▶ TASK BRIEF
Set down the data below exactly; pictures stay out.

▶ DATA SHOWN
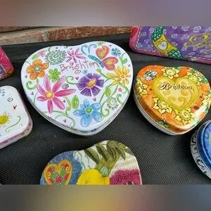 Brighton Empty Metal Tins Assorted Shapes And Sizes Lot Of 9 Various Uses/Colors
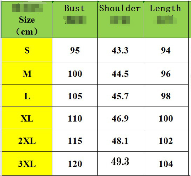 Size: S, M, L, XL, 2XL, 3XL unit: cm
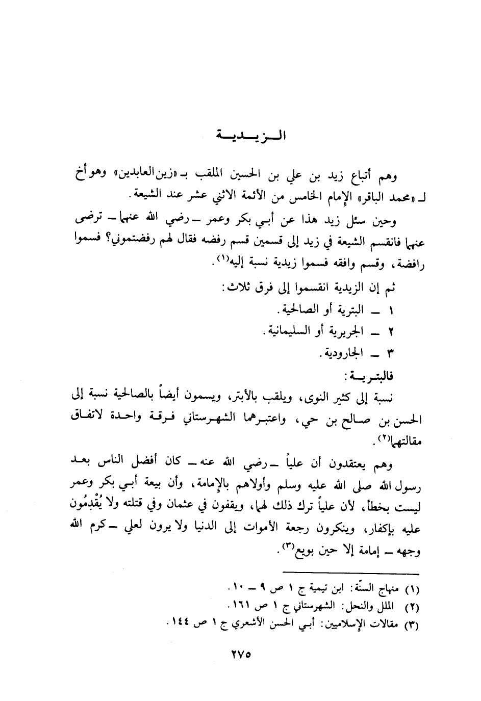 وحين سئل زيد هذا عن أبي بكر وعمر -رضي الله عنهما- ترضى عنهما, فانقسم الشيعة في زيد إلى قسمين: قسم رفضه فقال لهم: رفضتموني؟ فسموا رافضة، وقسم وافقه فسموا زيدية؛ نسبة إليه1.

▶ REPLY TO THE EXERCISE
 Brighton Empty Metal Tins Assorted Shapes And Sizes Lot Of 9 Various Uses/Colors
 Size: S, M, L, XL, 2XL, 3XL unit: cm
 وحين سئل زيد هذا عن أبي بكر وعمر -رضي الله عنهما- ترضى عنهما, فانقسم الشيعة في زيد إلى قسمين: قسم رفضه فقال لهم: رفضتموني؟ فسموا رافضة، وقسم وافقه فسموا زيدية؛ نسبة إليه1.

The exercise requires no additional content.